Rishabh Instruments Ltd announced its financial results for the fiscal year ended March 31, 2026, reporting consolidated revenue of ₹795.84 crore. The company's consolidated profit after tax (PAT) stood at ₹20.97 crore for the period. A final dividend of ₹2 per equity share has been recommended, subject to shareholder approval.

Financial Highlights

The company's audited financial results for the fiscal year ended March 31, 2026, show consolidated revenue reaching ₹795.84 crore. Consolidated profit after tax (PAT) for FY26 was ₹20.97 crore.

On a standalone basis, Rishabh Instruments reported revenue of ₹281.01 crore and a PAT of ₹41.67 crore. This means the standalone profit was higher than the consolidated figure.

The Board of Directors proposed a final dividend of ₹2 per equity share. This payout is pending approval from shareholders at the upcoming Annual General Meeting (AGM).

New auditors were appointed for the upcoming fiscal year: Rajendra P. Shah & Co. as Internal Auditors and Hareesh Shetty as Cost Auditor for FY 2026-27. The statutory auditors provided an unmodified audit report, confirming their approval of the financial statements.

Context and Implications

While consolidated revenue has grown compared to ₹557.52 crore in FY23, the consolidated PAT declined significantly from ₹48.66 crore in FY23 to ₹20.97 crore in FY26. This suggests potential pressure on profit margins or higher consolidated expenses that impacted profitability despite increased sales.

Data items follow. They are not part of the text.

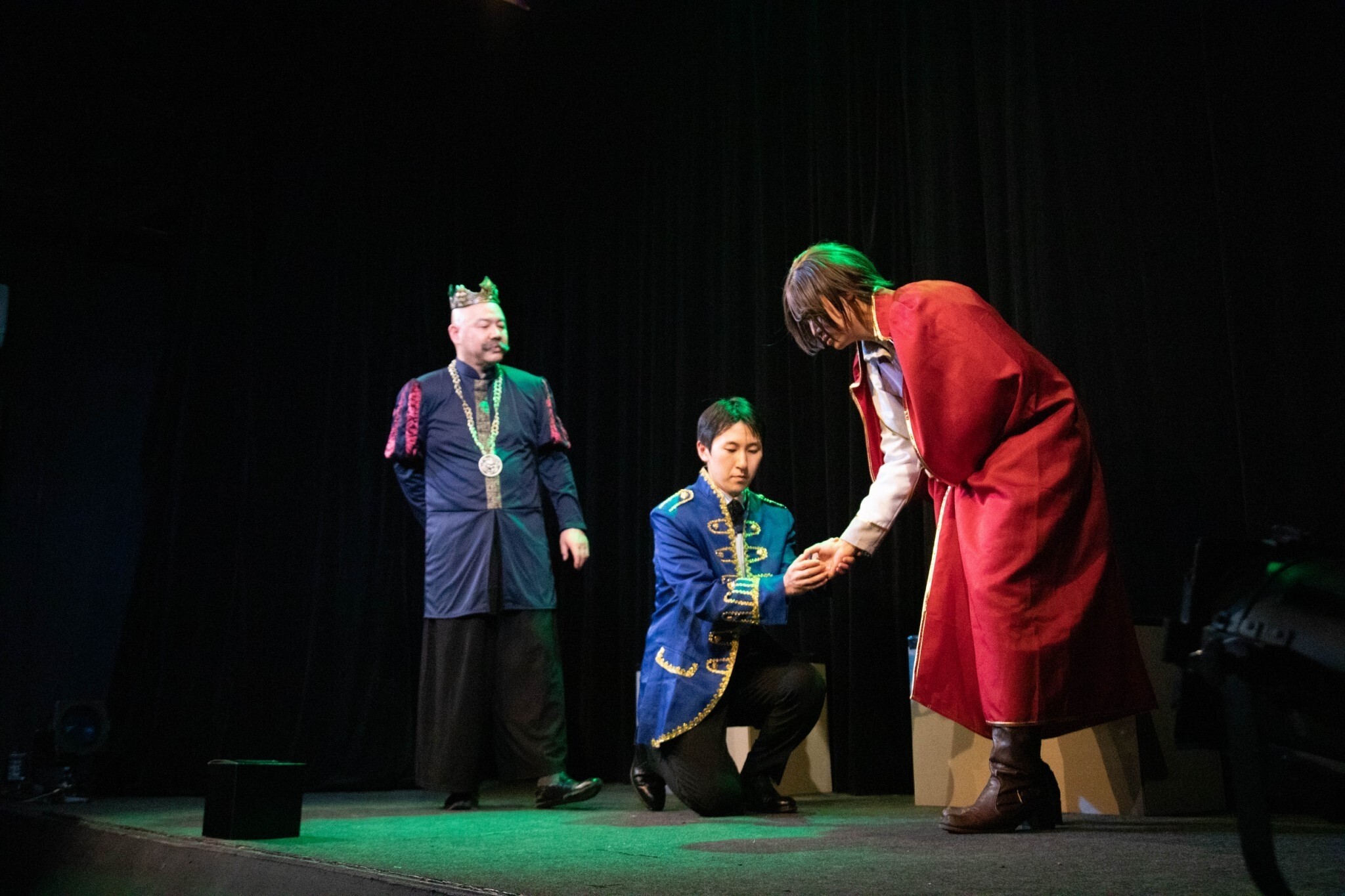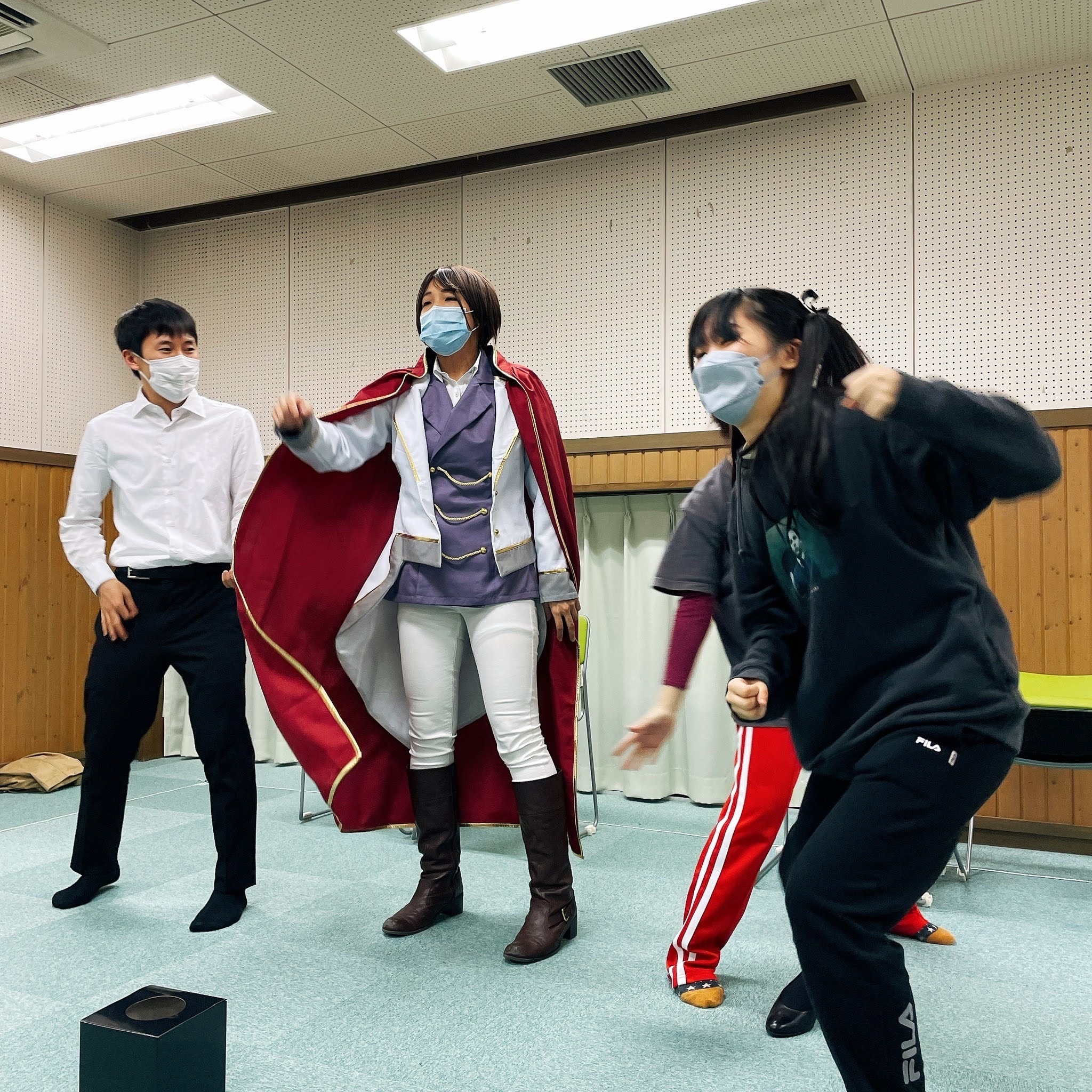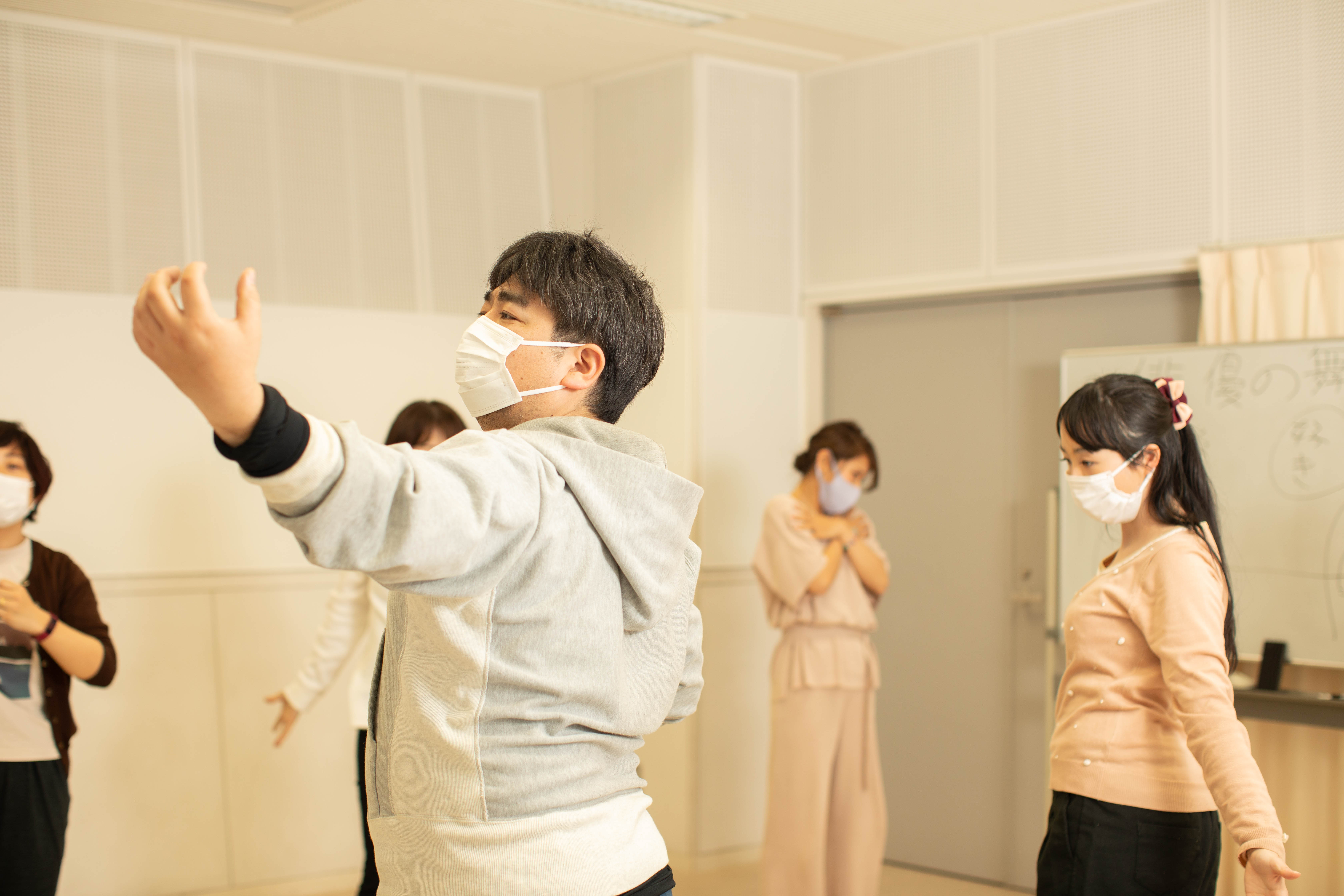 コミニケーション、舞台上で役同士、客席への演技の伝達などより具体的に体験しセリフ以外のさまざまな意味、空気感、イメージが伝わる様になるトレーニングをします。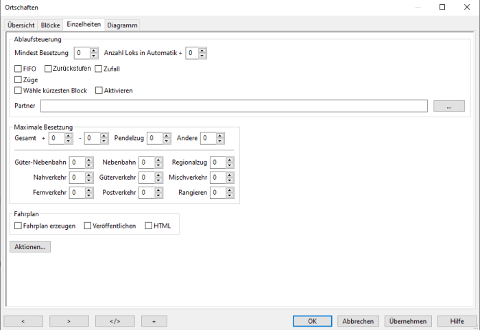 Die Einstellung dieser Option auf Werte größer 0 aktiviert die Ablaufsteuerung der Ortschaft für die Züge.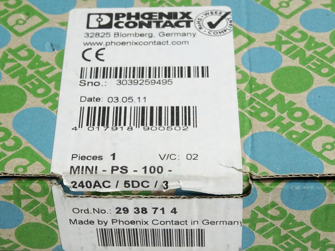 Phoenix Contact 2938714 MINI-PS-100-240AC/ 5DC/3 Stromversorgung / Neu OVP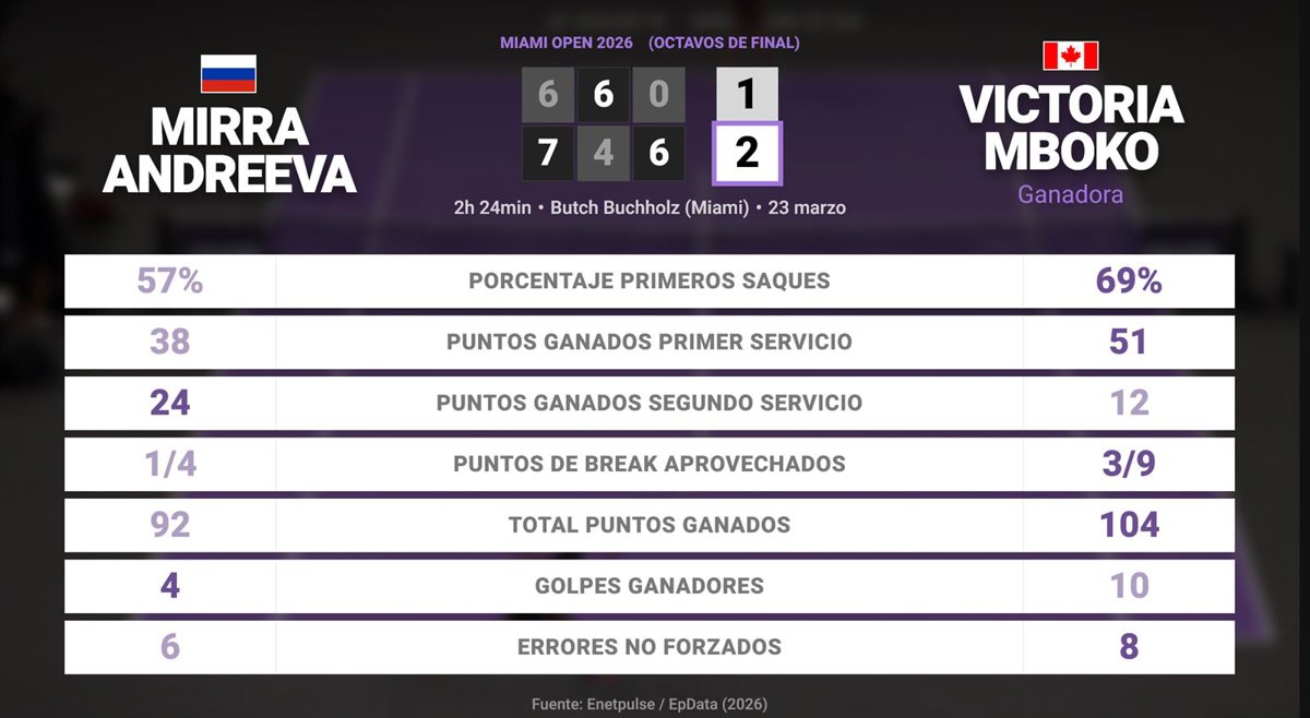 Mirra Andreeva 1 - 2 Victoria Mboko: resumen y estadísticas del partido de Miami Open (WTA) - EUROPA PRESS (2026)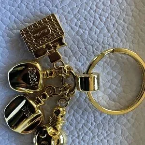 DIOR gold keychain featuring stylish charms. Perfect for adding a touch of luxury to your accessories.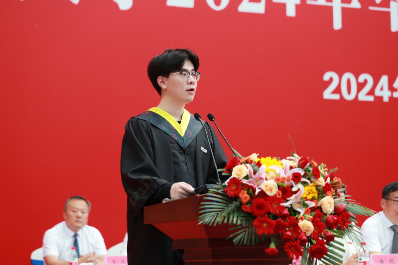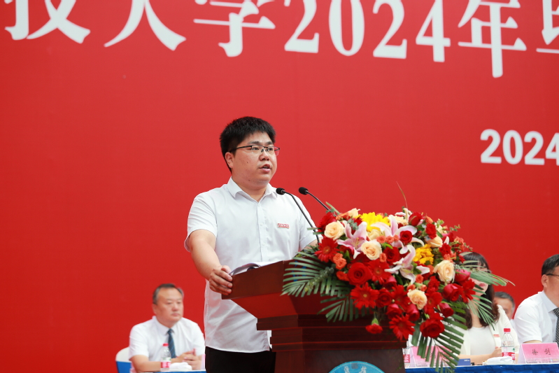 教职工代表、科学技术研究院副院长李阳祝贺各位同学顺利毕业,希望大家立大志、做大事,顾大局、讲格局,素心做人、用心做事,信心满怀书写青春之歌、报国之曲。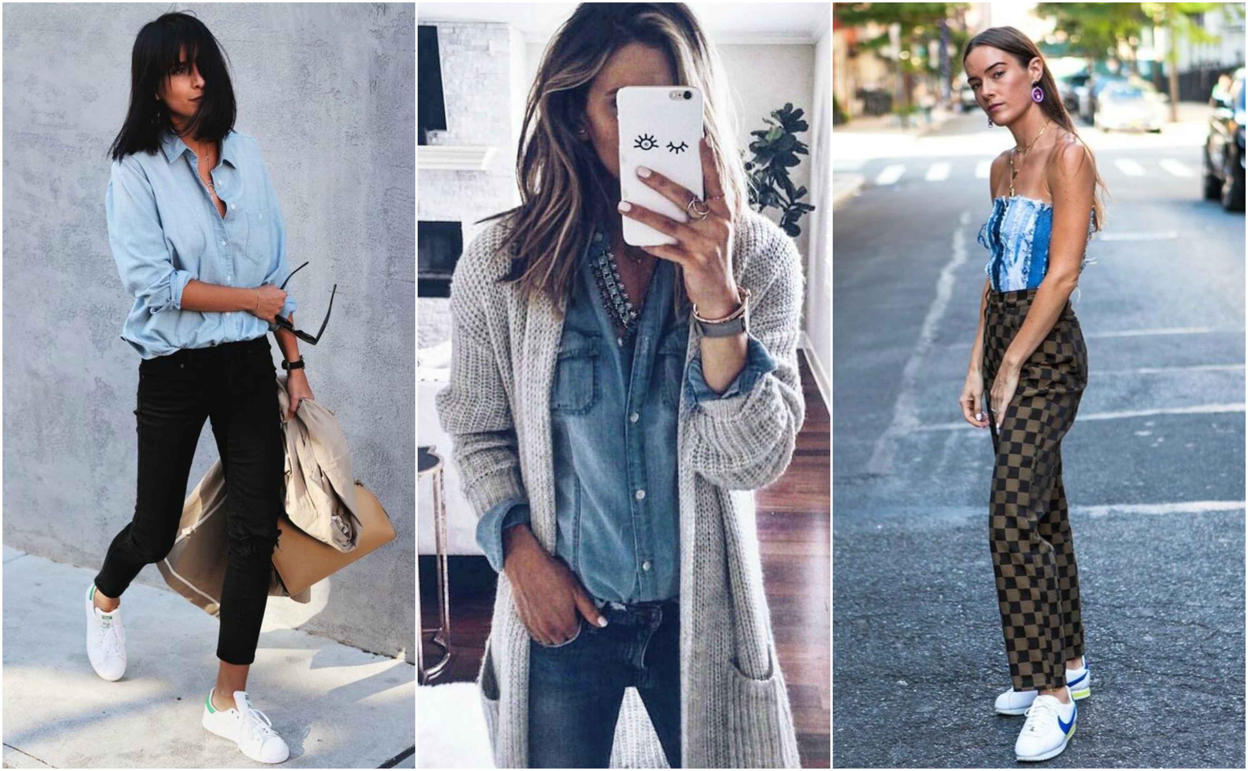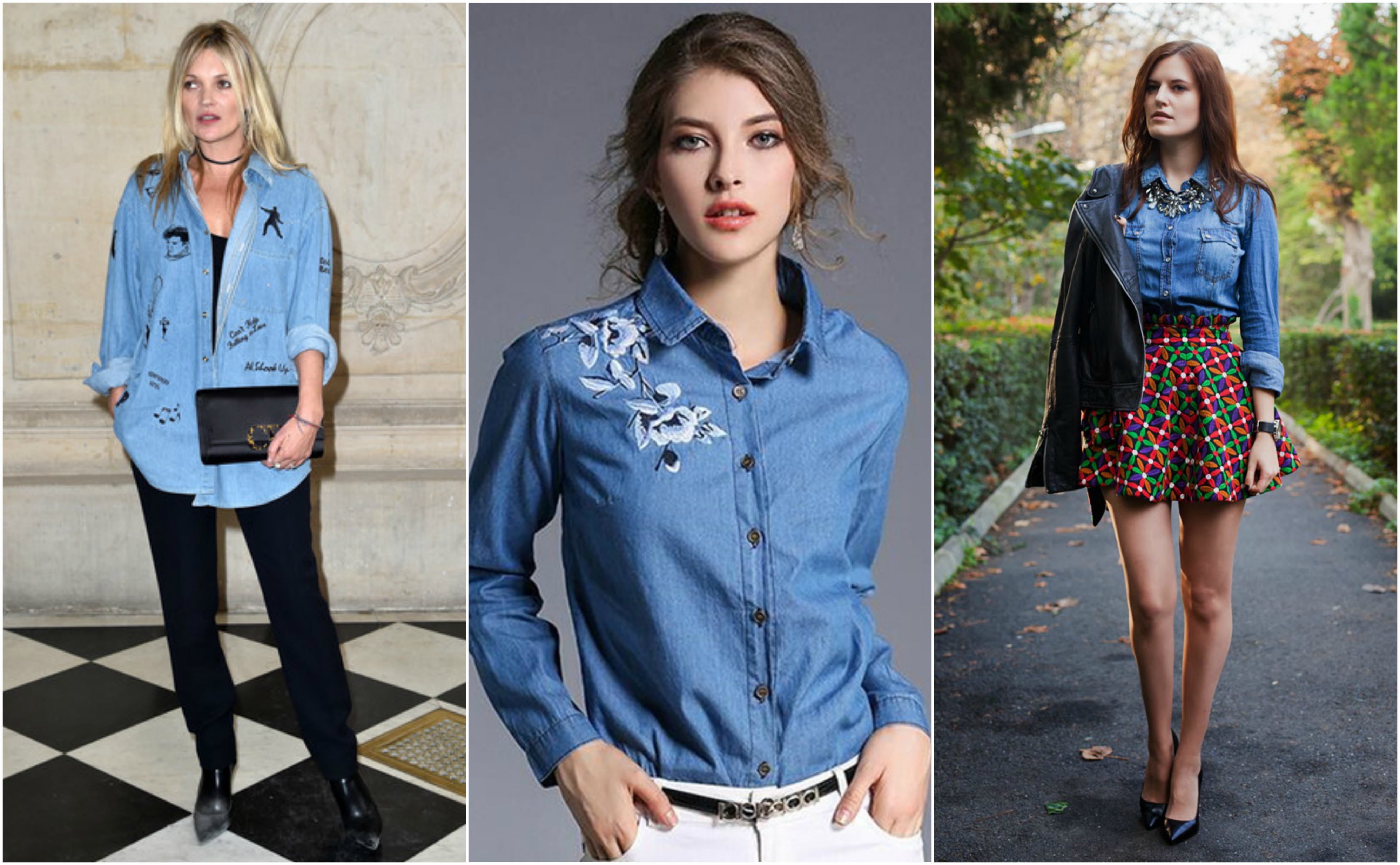 Quanto às camisas, não precisam ser as simples de ganga. Podem ter bordados, brilhantes ou outros acessórios.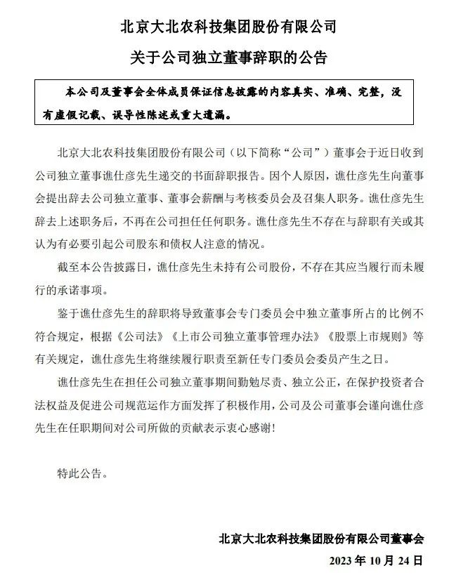 10月24日,大北农(002385)发布公告称,近日收到公司独立董事谯仕彦递交的书面辞职报告。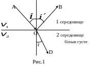 При проходженні світла через плоску границю двох прозорих середовищ неоднакової оптичної густини падаючий промінь АО розділяється на відбитий промінь ОВ і заломлений промінь OD (рис.1). При цьому: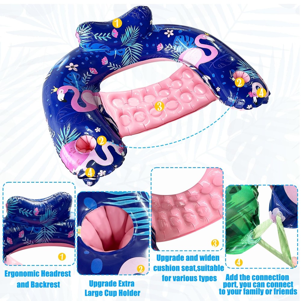 Inflatable Pool Float Chair ใ๐๐๐ฅ๐ฎ๐ ๐๐๐๐คใThe set contains 1 pack Inflatable float chairs. Additionally, We also have an inflatable pump, instruction manual and patch, so that you can experience the ultimate convenience, you don't have to worry about installation, use and repair issues. ใ๐๐จ๐ง๐๐ข๐ ๐ฎ๐ซ๐๐ญ๐ข๐จ๐ง ๐๐ฉ๐ ๐ซ๐๐๐ใ:Pool chair float is designed with a reinforced seat, suitable for multiple ages. Complete with supportive ergonomics headrest and backrest for more comfort, built-in cup holders for more convenience, allow you to keep your favorite beverages within reach and ensure hours of enjoyable floating during hot summer days. ใ๐๐ซ๐๐ฆ๐ข๐ฎ๐ฆ ๐๐๐ญ๐๐ซ๐ข๐๐ฅ ใFloating pool chair is crafted from premium PVC, soft and thick, can support over 400 pounds(180kg). The U-shaped design makes it not easy to tip over or tilt, ensuring both comfort and durability. ใ๐๐จ๐ง๐๐ข๐ ๐ฎ๐ซ๐๐ญ๐ข๐จ๐ง ๐๐ฉ๐ ๐ซ๐๐๐ใ:Pool chair float is designed with a reinforced seat, suitable for multiple ages. Complete with supportive ergonomics headrest and backrest for more comfort, built-in cup holders for more convenience, allow you to keep your favorite beverages within reach and ensure hours of enjoyable floating during hot summer days. ใ๐๐๐ฌ๐ญ ๐๐ข๐๐ญ & ๐๐๐ฌ๐ฌ๐ฅ๐-๐ ๐ซ๐๐ ๐๐๐ญ๐๐ซ-๐๐๐ฅ๐ใ:The pool float seat is the best gift for family and friends! Customer satisfaction is our primary task. If you have any problems or questions about our products, please send us a message through โcontact sellersโ at any time! We will do our best to provide you with perfect after-sales service!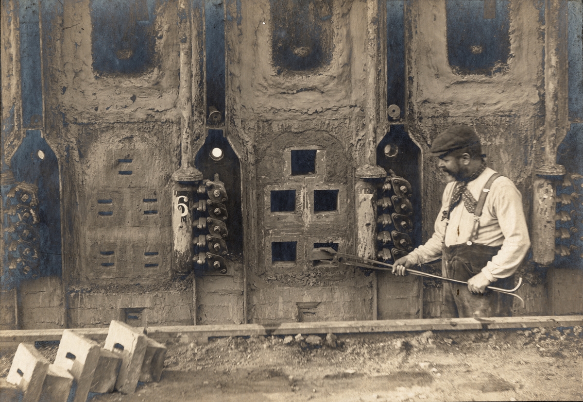 Titel: Kokstillverkning i Leeds, England omkring 1930.
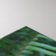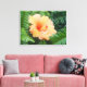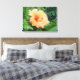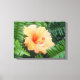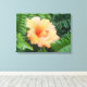 The artwork on this Canvas Print is an original photograph by HomeWare of an orange hibiscus flower. In the photo, we see the flower peeking out from among some green fern fronds in a lovely garden. The flower is in full bloom, with its ruffled edges standing out from the background of ferns. The shape of the flower is like a trumpet, curving outward, with red dots on top of yellow stems in the center of the bloom. The photo is a closeup showing the detail in the flower petals of this peach colored beauty.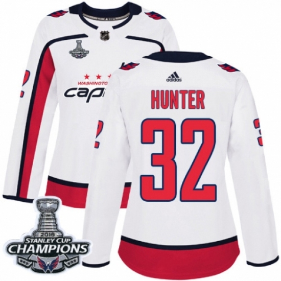 Women's Adidas Washington Capitals #32 Dale Hunter Authentic White Away 2018 Stanley Cup Final Champions NHL Jersey

The proposed final dividend of ₹2 per share offers shareholders a direct return, which can be seen as a positive step amidst the profit decrease.

Company Background

Rishabh Instruments Ltd, which manufactures electrical testing and measuring instruments, raised funds through an Initial Public Offering (IPO) in September 2023 to support its expansion plans. In the prior fiscal year, FY23, the company had reported consolidated revenue of ₹557.52 crore and a consolidated profit after tax of ₹48.66 crore.

Investor Outlook

Shareholders await approval of the recommended ₹2 dividend at the AGM. The appointment of new auditors also reinforces the company's governance framework. The financial results for FY26 provide investors with a clearer picture of the company's performance, showing revenue growth alongside the challenges faced in maintaining consolidated profit margins.

Market Position

Rishabh Instruments operates in the electrical manufacturing sector, but at a different scale than major Indian players. For comparison, Schneider Electric India reported revenues exceeding ₹31,000 crore, Siemens India over ₹17,000 crore, and KEI Industries around ₹7,400 crore in FY23. Rishabh's FY26 revenue of ₹795.84 crore places it in a distinct market segment.

Key Financial Metrics

  • Consolidated Revenue: ₹795.84 crore (FY26) vs. ₹557.52 crore (FY23).
  • Consolidated Profit After Tax (PAT): ₹20.97 crore (FY26) vs. ₹48.66 crore (FY23).
  • Standalone PAT (FY26): ₹41.67 crore.
  • Recommended Final Dividend (FY26): ₹2 per share.

Looking Ahead

Investors will be watching for shareholder approval of the recommended ₹2 dividend at the AGM. Key focus areas will include management's explanation for the drop in consolidated PAT despite revenue growth, and future quarterly results to see if this trend reverses. The performance of the standalone business compared to consolidated figures will also be monitored.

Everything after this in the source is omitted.